To make matters worse, Crush has to mention Harley Quinn as she relates her litany of failed friendships on Earth.  When PG responds with, “You know Harley?  She’s one of my closest friends!”  Uh…since when?  That out of continuity mini-series by Jimmy Palmiotti and Amanda Conner?  Again, Williams doesn’t understand the substance of Power Girl’s history and relationships.  It’s such a mess at this point in this series, that it’s impossible to sort out what Power Girl has actually experienced in her life.  Just within the series itself, how did she have time to become close friends with Harley if she hasn’t lived on Earth long enough to understand how to live as human?  (This has been a theme of Williams’ characterization of Power Girl since she began doing the  back ups in Action Comics).  If she has a close friend like Harley, why is Omen even necessary in her life?  Williams continues to make superficial choices in her writing that expose not only her lack of understanding of Power Girl’s character, but that Williams’ writing overall is amateurish.

Negatives Cont’d

Williams just can’t write Power Girl as a confident and competent character.  She’s too wrapped up in her desire to tell a story about insecurity and fitting in.  Williams is hyper focused on this one aspect of Power Girl that has not been a  problem for the character in years.  This concept is holding the series back from being better because Williams doesn’t know how to use Power Girl’s history and the substance of that history effectively to inform the character she’s writing.  Every once in a while when she needs Power Girl to be assertive or effective we get that, but that’s not how Williams sees her.  In Power Girl #10 it’s evident that to Williams, Power Girl is unsure of herself, passive and kind of scared of things.  Williams writes Power Girl far too empathetic.  Power Girl is more likely to tell someone she’s just met to “suck it up” and “toughen up” instead of sharing personal feelings.  That something that would come later as we’ve seen PG as a mentor to Atlee/ Terra in the Gray, Palmiotti, Conner Power Girl series.  Power Girl can be a strong supportive friend, but you’re not going to get that with a stranger.

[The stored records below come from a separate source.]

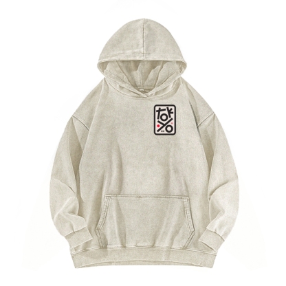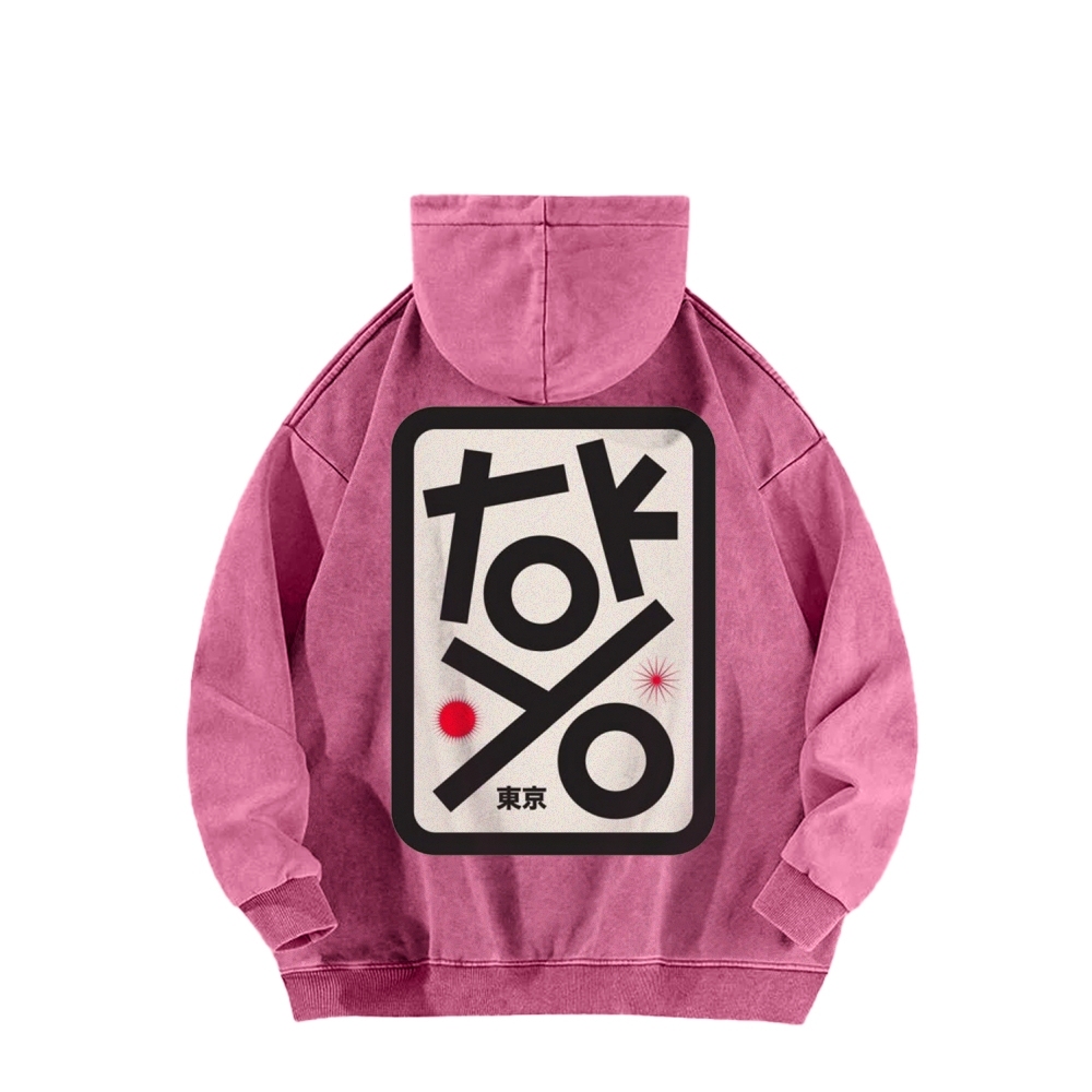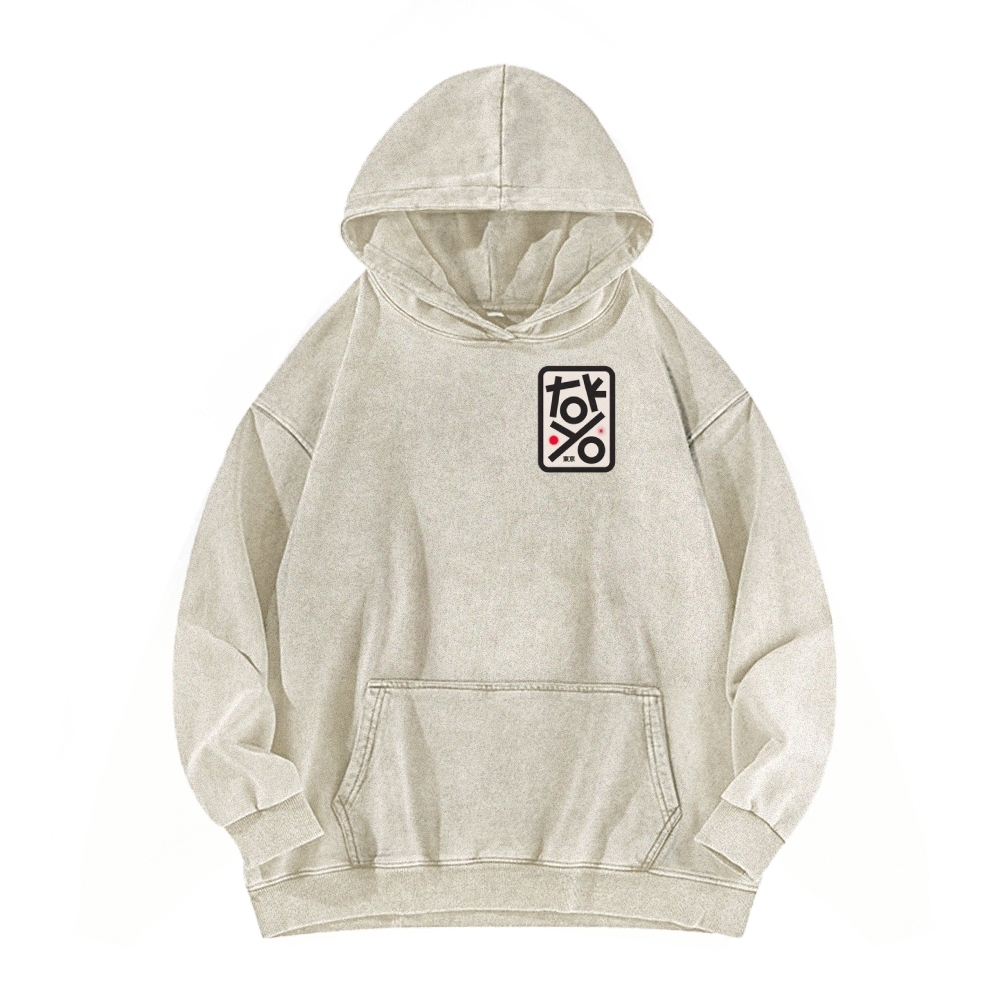 Tokyo Front And Back Printing Vintage Washed Hoodie
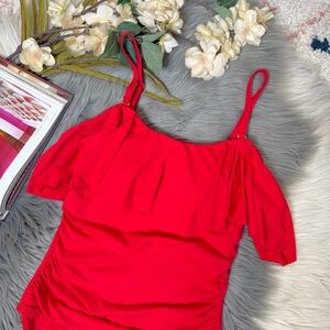 NWOT Tahari Red Ruffle One Piece Swimsuit Sample Ruched Tummy Control Sz S
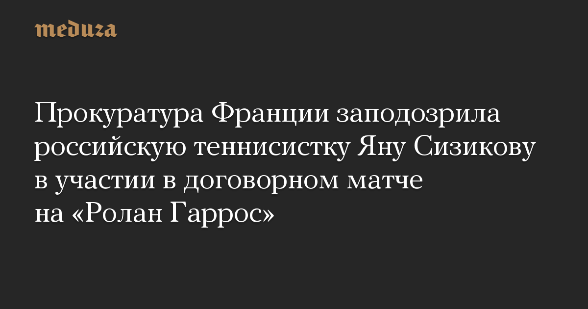 Прокуратура Франции подтвердила, что начала расследование из-за предполагаемого договорного матча на Открытом чемпионате Франции по теннису с участием российской теннисистки Яны Сизиковой.
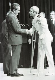 That occured in 1967, when then Lt. Cmdr. McCain’s Skyhawk aircraft was shot down during a bombing mission over Hanoi. He fractured both arms and a leg while ejecting from the plane, and he was refused proper medical treatment by North Vietnamese troops after his capture.
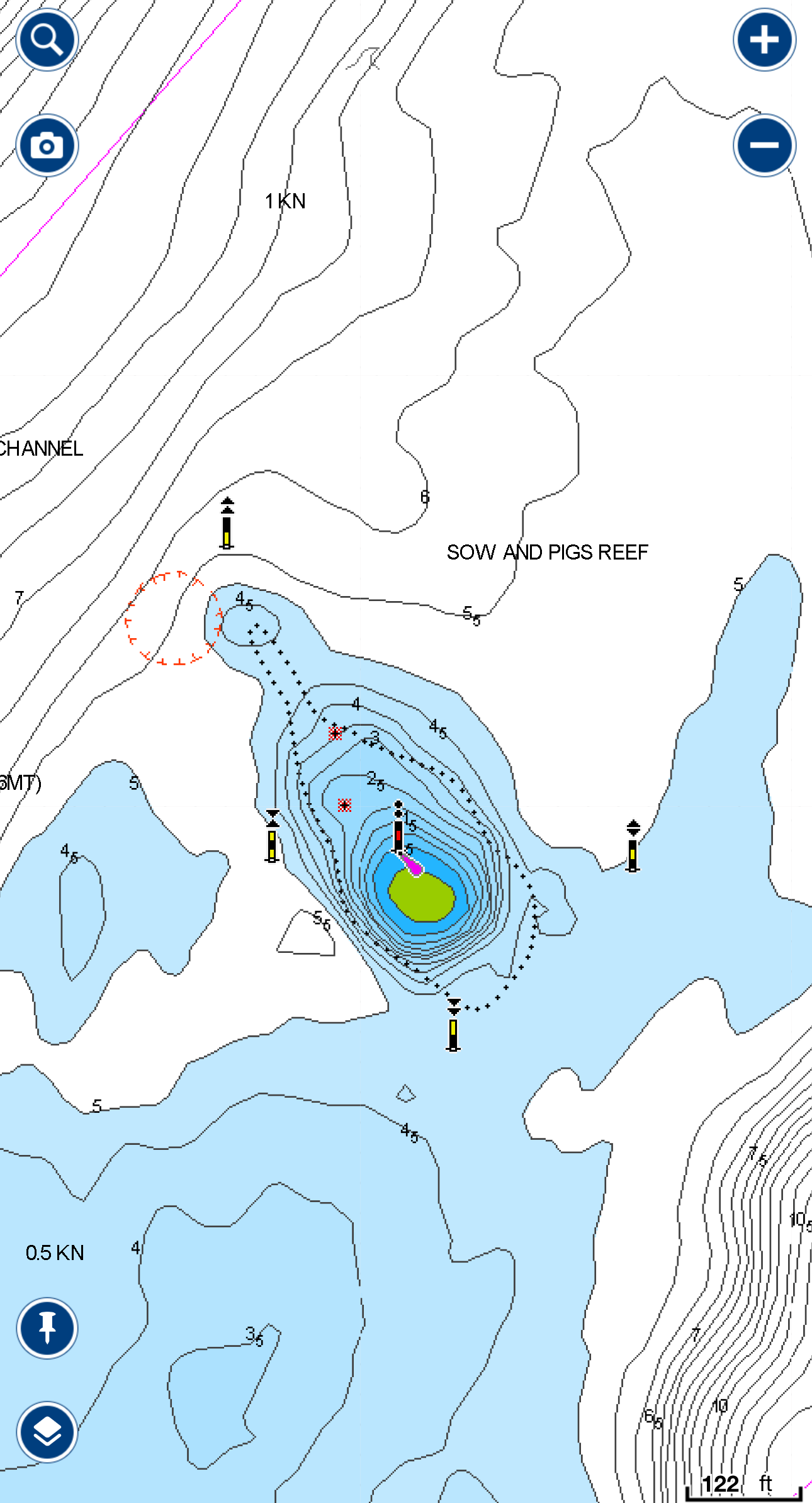 Today the Sow and Pigs Reef is well-known and well-marked, presenting almost no danger to large ships but smaller vessels still come to grief on it.
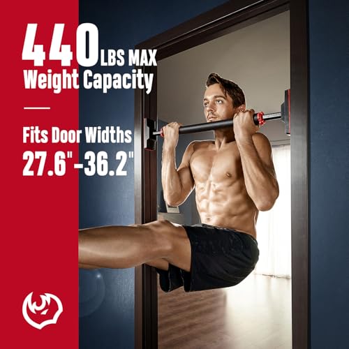 - 𝗛𝗜𝗚𝗛 𝗟𝗢𝗔𝗗 𝗕𝗘𝗔𝗥𝗜𝗡𝗚 𝗖𝗔𝗣𝗔𝗖𝗜𝗧𝗬 — Constructed with high-quality steel tube, the core of the bar is 1.5mm in thickness which allows it to bear a weight capacity of 600lbs. The supporting feet's bow-shaped form enables them to sustain higher weight with greater friction. A PVC cushion with a thickness of 1300mm has been added to the support surface to boost stability and increase resistance, preventing the pullup bar from coming off during training and protecting the door frame.
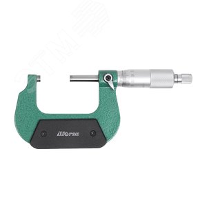 Микрометр МК- 50 0,01 МИК - средство для измерения наружных линейных размеров. Основанием микрометра является скоба, а преобразующим устройством служит винтовая пара, состоящая из микрометрического винта и микрометрической гайки, укреплённой внутри стебля их часто называют микропарой. В скобу запрессованы пятка и стебель. Измеряемую деталь охватывают торцевыми измерительными поверхностями микровинта и пятки. Барабан присоединён к микровинту с помощью колпачка в котором находится корпус трещотки. Чтобы приблизить микровинт к пятке, вращают барабан трещотку по часовой стрелке (от себя), а для обратного движения микровинта (от пятки) барабан вращают против часовой стрелки (на себя). Закрепляют микровинт в требуемом положении стопором.Верхний предел измерений 50 мм.Цена деления шкалы барабана 0.01 мм.Производство бренда Micron.
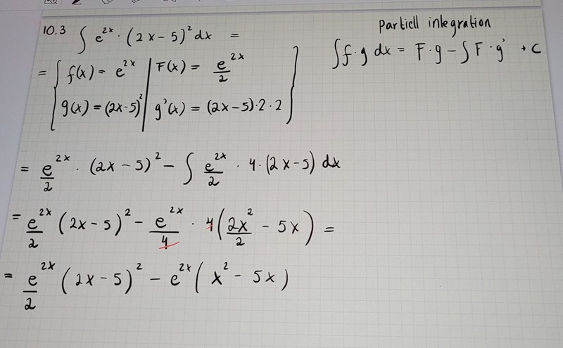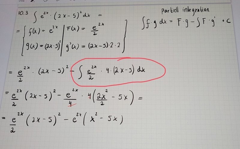 Enligt min uppfattning måste göra en pi till med det röda uttrycket, det innehåller både x o e^x.
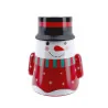 Originale et ludique, cette boîte à biscuits culbuto en métal rouge, blanc et vert représente un souriant bonhomme de neige.
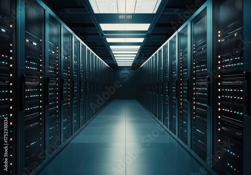 The watermark will not be included on Wall mural.: Futuristic it data center corridor with glowing server racks and illuminated ceiling lights, ideal f
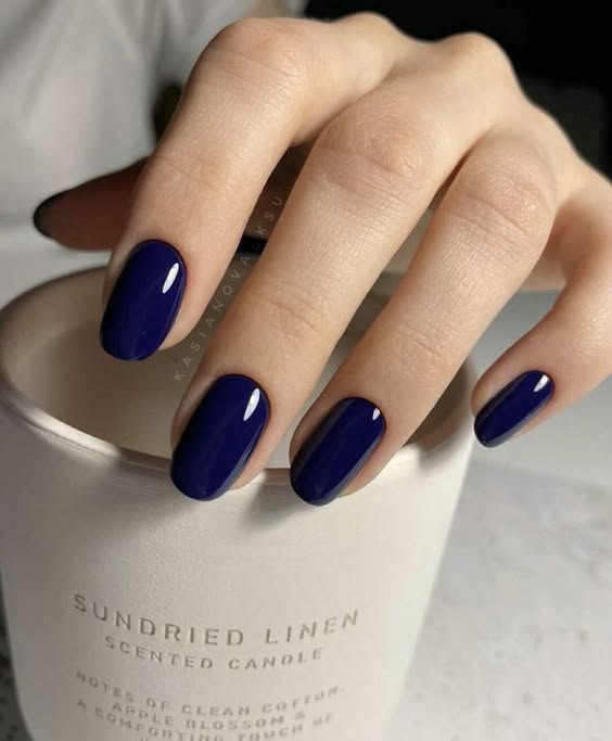 This classic navy blue manicure offers a sleek, glossy finish for an elegant and minimalist look. Suitable for any occasion, the rich deep hue provides a polished and timeless aesthetic that complements any style.
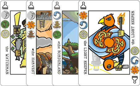 Cross-suited cards give the Decktet its structure. A set of cards showing one of each suit might be as few as three cards or as many as six. (This is exploited in the games Bharg and Terrapin.) It is possible to lay out a line of cards so that each one shares a suit with its neighbor, but the end cards do not share suits at all. (This is exploited in Biscuit.) In a trick-taking game, it is possible to trump and follow a non-trump lead with the same card. (This is exploited in the games Ace Trump.) In a resource management game, you may be forced to choose between using a card for one of its suits or the other. (This is exploited in the games Chancellors and Emu Ranchers.)
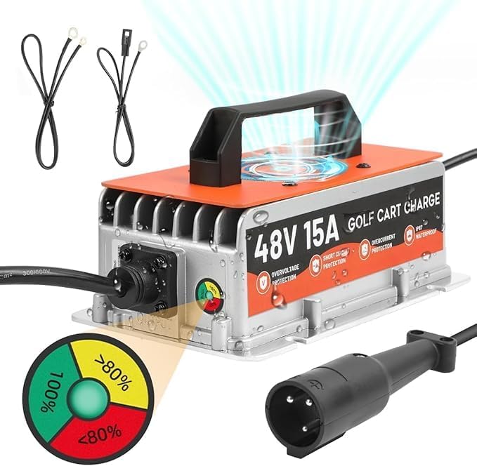 Club Car Charger 48 Volt, 900W 15AMP 48v Club Car Battery Charger, IP67 Waterproof, Fully Automatic Golf Cart Charger 48 Volt Club Car Precedent & DS Lead Acid Battery Charger with 16Ft Cable

Williams reinforces the notion that this book is attempting to explore friendship and the “stranger in a strange land” theme as Omen appears at the end of this issue and we have to suffer through their annoying dynamic.  Omen is condescending to Power Girl and she just takes it.  Maybe that’s why Williams renamed her “Paige,” a passive sounding name that seems diametrically opposed to Power Girl’s traditional moniker- Karen which suggests opinionated, passionate and with attitude- all missing from Williams character destruction of PG.  When Omen and PG are on the page together, it’s nauseating.


Like last issue, Power Girl #10 has some details that distract and detract from the experience, but overall it’s one of the better issues of this series.  The symbioship sub-plot moves forward, Power Girl gets a little agency, despite Leah Williams characterization continuing to demean the character.